NMR spectra were measured using Bruker AVANCE 600 spectrometers (Bruker Biospin, Billerica, MA, USA). 1D imino proton spectra were recorded using the jump-and-return scheme for water suppression at probe temperatures of 298 K55. A total of 1024 scans were made (approximately 45 min). NMR data were processed using the software Topspin 3.5 (Bruker Biospin).

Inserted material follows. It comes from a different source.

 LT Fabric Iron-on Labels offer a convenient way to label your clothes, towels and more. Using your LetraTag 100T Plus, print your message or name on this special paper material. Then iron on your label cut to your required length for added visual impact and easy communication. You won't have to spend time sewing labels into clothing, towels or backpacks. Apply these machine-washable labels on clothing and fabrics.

Surface plasmon resonance (SPR) experiment

SPR experiments were performed as described previously using a BIAcore X instrument (GE Healthcare, Sunnyvale, CA, USA)45, 56. RD was dissolved in SPR buffer (20 mM sodium phosphate [pH 6.5], 2 mM magnesium acetate, 0.1% Tween 20, and 1 mM DTT, containing 300 mM potassium acetate) at a concentration of 10 nM.

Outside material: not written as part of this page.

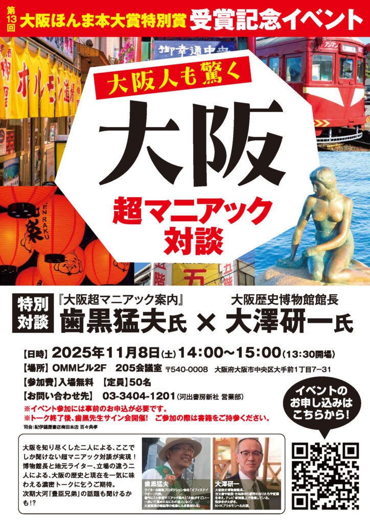 第13回 大阪ほんま本大賞特別賞受賞作品『大阪人も驚く 大阪超マニアック案内』(KAWADE夢文庫、税込792円)と受賞記念イベントに、ぜひご注目ください!
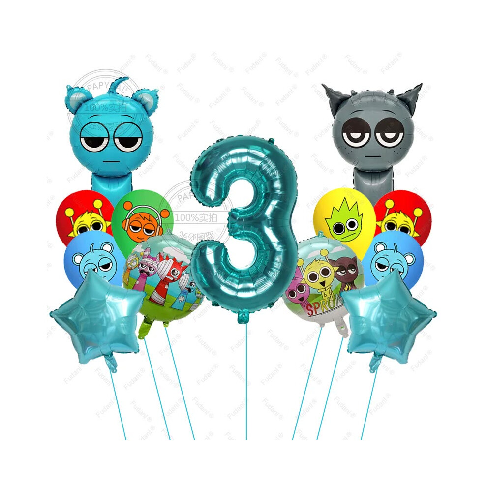 (3, AS PICTURE) 13pcs Sprunki Tiffany Blue Cartoon Foil Balloons - Colorful Rhythm Box Theme for Birthday, Baby Shower Parties

High-throughput sequencing (HTS)

HTS was performed using an Ion PGM sequencer (Life Technologies, Carlsbad, CA, USA). The cDNAs from each round of SELEX were amplified by PCR with Ex Taq polymerase (TaKaRa, Shiga, Japan) using specific fusion primers (T7fwd, 5′-CCATCTCATCCCTGCGTGTCTCCGACTCAGC–Barcode–Barcode Adaptor–TAATACGACTCACTATAG-3′; and Rev5, 5′-CCTCTCTATGGGCAGTCGGTGAT–CTCTCATGTCGGCCGTTA-3′) as recommended by Life Technologies, followed by Exonuclease I treatment (New England BioLabs, Medford, MA, USA). The PCR products were purified by phenol/chloroform extraction and then precipitated with ethanol. The 1.3 amol of each products (1.2 μL of 1.1 pM products) was mixed and then amplified by clonal emulsion PCR using an Ion PGM Template OT2 200 kit (Life Technologies) followed by generation and enrichment of template-positive Ion Sphere particles, using an Ion OneTouch 2 and Ion OneTouch ES System (Life Technologies) according to the manufacturer’s instructions. HTS was performed using an Ion PGM Sequencing 200 Kit v2 and an Ion 314 Chip. The resulting HTS data were uploaded to the Ion PGM Torrent Server to process base calling and evaluate the sequence quality. The acceptance criterion was a quality score >Q20 (99% sequence accuracy). Sequence clustering was conducted using the Aptamer Clustering 2.0 software (Life Technologies) as follows. In brief, the nucleotide sequences carrying the intact primer sequences were extracted and clustered by identity of the randomized 40-nucleotide region. Both extremely short and long sequences, such as the primer dimers and unexpectedly-generated longer PCR products, were excluded from the clustering. The cut-off values for minimum and maximum nucleotide lengths of the randomized sequence region for inclusion in clustering were 30 nt and 50 nt, respectively. The isolated sequences were processed using Microsoft Excel.